By changing of few chromatographic conditions, then observe the system suitability parameters such as tailing factor, resolution and theoretical plates were evaluated and verified the method. The conditions verified are Flow rate (1.0 ± 0.1 ml/min), pH (3.5± 0.1), Ratio of acetonitrile in mobile phase (50±5%), Column temperature (25 ± 2 oC), Wavelength (258 ± 2 nm). The robustness data was shown in (Table 3).

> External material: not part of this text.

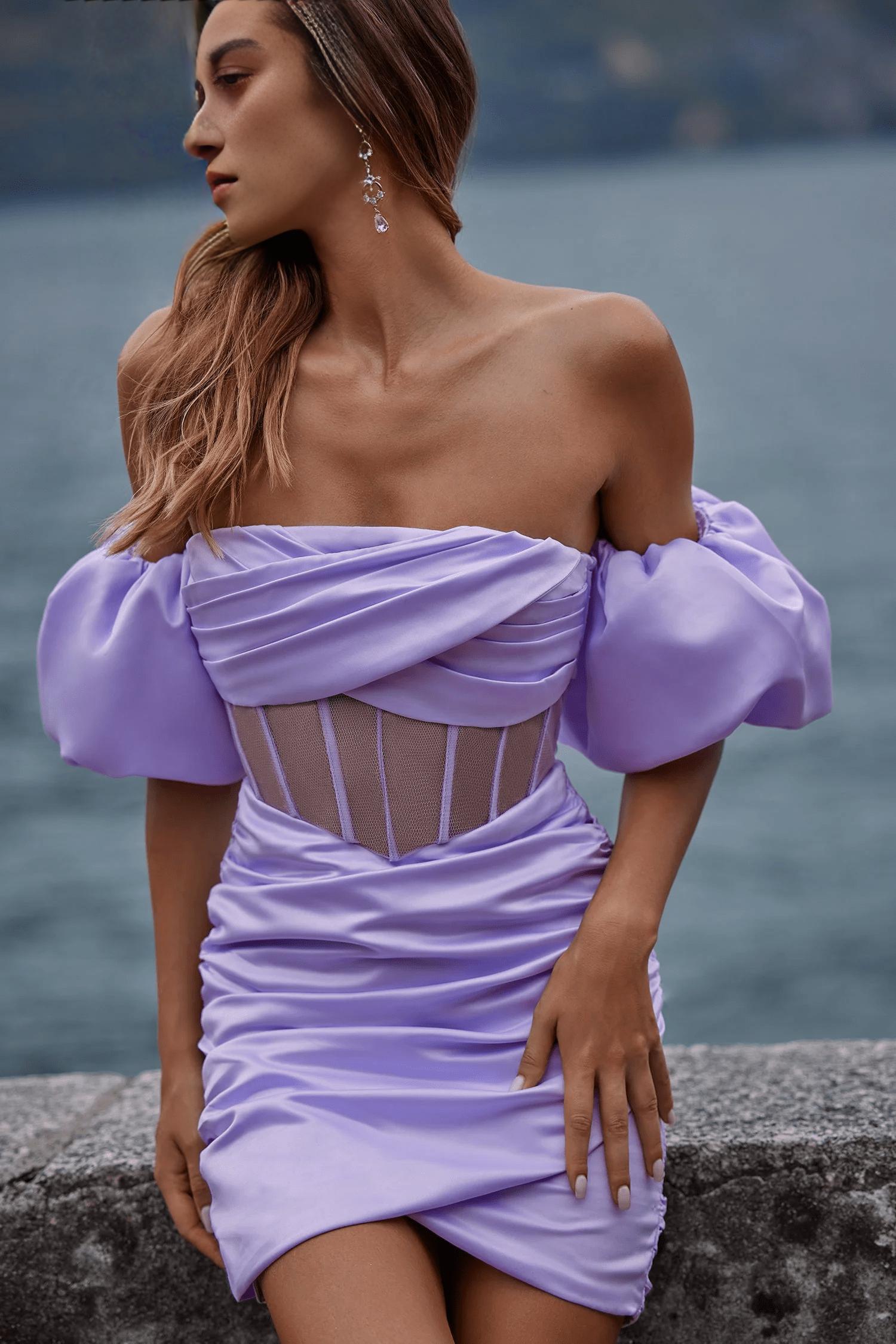 The CORSET SATIN MINI DRESS IN PURPLE is the epitome of style and elegance. With its unique design elements and high-quality materials, this dress is perfect for any special occasion.

Specificity / stability indicating nature / degradation study

Different stress conditions were applied such as acid hydrolysis, neutral hydrolysis, base hydrolysis, oxidative degradation, thermal degradation and photolytic degradation. The percent degradation and percent assay of LMD and DTG were depicted in Table 4. In all cases, the method was capable of separating degradation products from the LMD and DTG (Figure 3). The peak purity of LMD and DTG stressed samples were also determined (Table 4).

Conclusions

Stability indicating HPLC method was developed to evaluate LMD and DTG in combined dosage form. The chromatographic separation was t achieved by using the column Cosmicsil C18. The complete analytical run time was 6 minutes. The method suggested showed good recovery in the presence of tablet excipients. The method was also precise, sensitive, selective and robust. Degradation data was suggested to develop HPLC method was specific and stability indicating. This method can be employed to quantify LMD and DTG in quality control test for analytical laboratories.